Immortalization of cells during normal development offers another route for producing useful dopaminergic neurons. Using the simian virus 40 large T antigen, we have immortalized fetal rat dopamine neurons. These cells express phenotypic markers of dopamine neurons and have behavioral effects after transplant into the rat model of Parkinson's (24). While the cells divide continuously in vitro, factors in brain inhibit tumor formation after transplant (25). Cells with a dopaminergic phenotype have been produced from a v-myc immortalized mouse stem cell line in which the nurr-I orphan receptor gene has been expressed and after cells have been exposed to astrocytes derived from ventral mesencephalon (26).

How will human ES cells fit into cell replacement strategies? Diseases treatable with ES cells will likely fall into two categories. First is replacement of specific cell types, like dopamine neurons for Parkinson's disease. There is no evidence that dopamine cells can arise spontaneously from a stem cell population in the adult brain. Thus, creation of dopamine neurons from ES cells would offer a therapeutic strategy not possible even with normally functioning intrinsic stem cells. The second category of treatment is replacement of failed host stem cells. A common example is bone marrow transplantation for aplastic anemia. Novel stem cell populations are still being revealed. Cardiac myocytes, previously thought to be fixed in number in the adult, have been shown recently to be replaceable by host tissue in the setting of cardiac transplantation, indicating that myocardial stem cells exist (27). Progenitor cells capable of generating neurons have been detected in adult human hippocampus as well as in the subventricular zone (28, 29). We have shown that human neural stem cells can be integrated into the germinal zone of the developing monkey brain in utero and can join in region-appropriate neurogenesis (30). If diseases like Alzheimer's prove to be the result of neural stem cell failure in some patients, transplants of neural stem cells may be therapeutic. For human ES cells to be useful for stem cell replacement, they should be partially differentiated into lineage-restricted stem cells to eliminate the pluripotency responsible for teratomas. This goal is being achieved (31-34).

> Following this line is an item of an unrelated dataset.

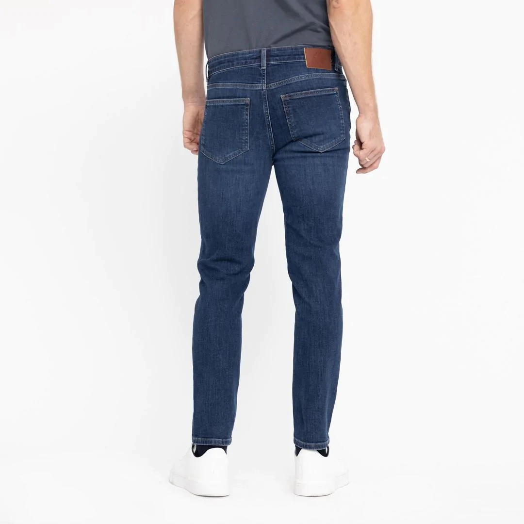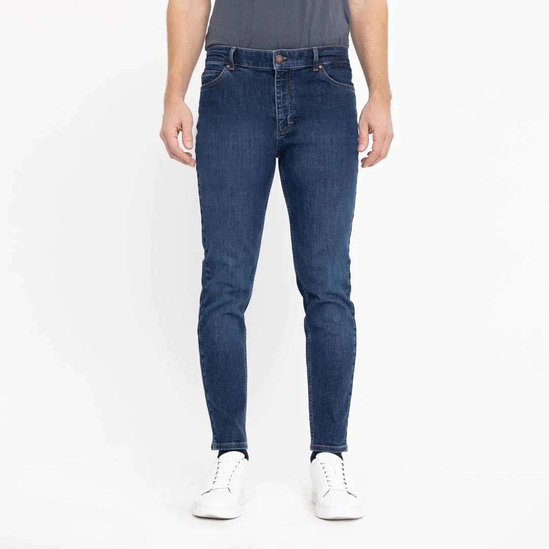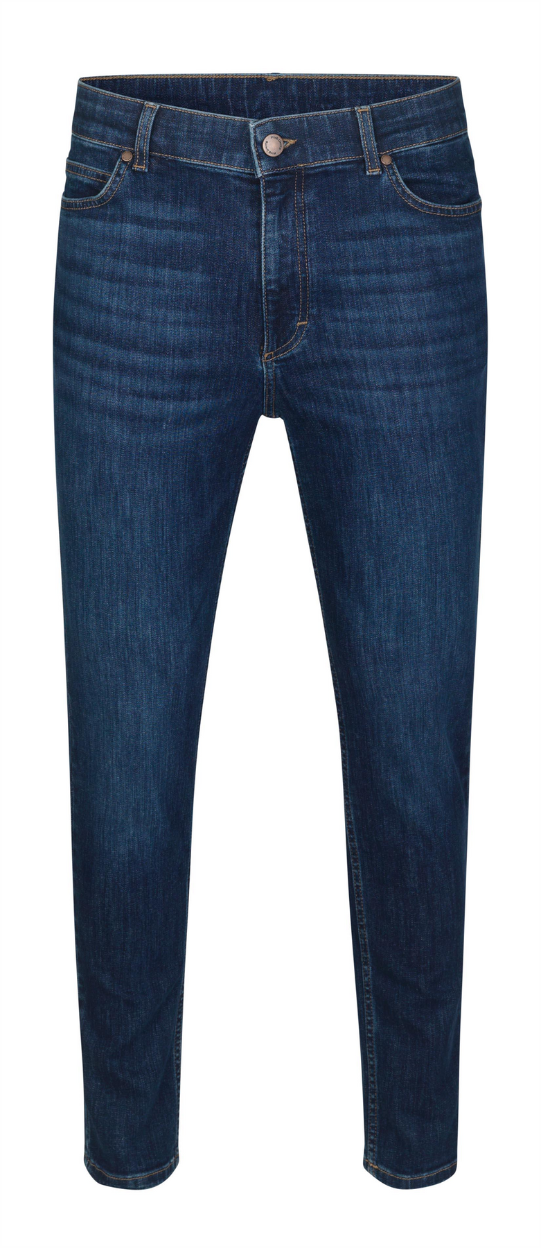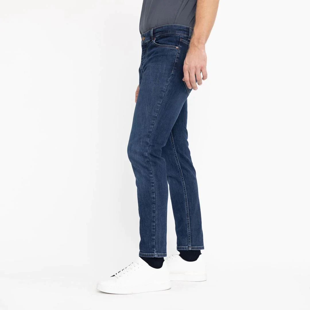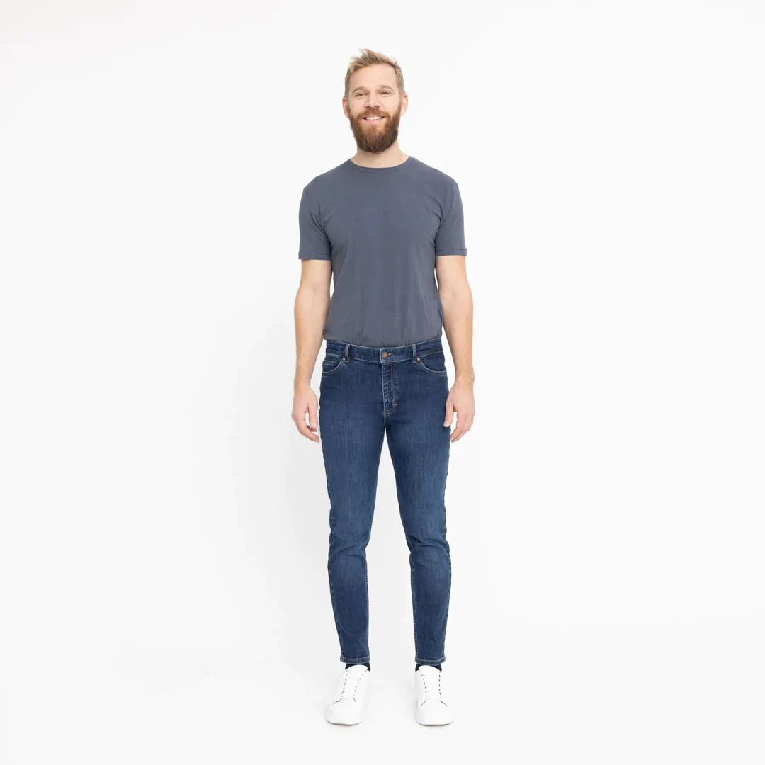 You're looking at a pair of slim-fit, dark blue, comfort-enhanced, essential jeans with a five-pocket design and a just-right vintage finish. We craft our Jacob 241 Dark Blue Vintage from a mid-weight, durable and responsive fabric of 78% cotton, 20% recycled cotton and 2% elastane. And as an unwavering standard, we construct all our Jacob jeans in a classic slim fit that lets you ride your bike, run, walk, stand, sit or squat down, and have perfect trust that these jeans hold their form and follow your every move.

In summary, there are a number of strategies for producing dopamine neurons in tissue culture that may lead to cells appropriate for transplantation into humans with Parkinson's disease. Björklund et al., Lee et al., and Kawasaki et al. have shown that generation of dopamine neurons from mouse ES cells is possible. Hopefully, a similar outcome will be demonstrated for human ES cells. Alternatively, stem cells derived from brain, blood, bone marrow, or skin may be convertible to dopamine neurons. Immortalized dopamine neurons may be useful if cell replication after transplant can be controlled. The risk of tumor formation is present in all ES and immortalized cell sources. Eliminating the possibility of uncontrolled proliferation is fundamental to the development of this field. The winners in this lottery are unknown, but the characteristics of the successful cell preparation can be specified. The cells should be identical to authentic fetal human midbrain dopamine neurons capable of reinnervating the dopamine-denervated striatum. Must the cell preparation be uniformly dopaminergic? Probably not. Clinically effective transplants of human fetal mesencephalon contain many cell types, with only a small fraction being dopamine cells. Whether transplants require the presence of cell types other than dopamine neurons is unknown. The successful generation of an unlimited supply of dopamine neurons will make neurotransplantation widely available for patients with Parkinson's disease. Embryonic stem cells are opening an exciting era in human therapeutics.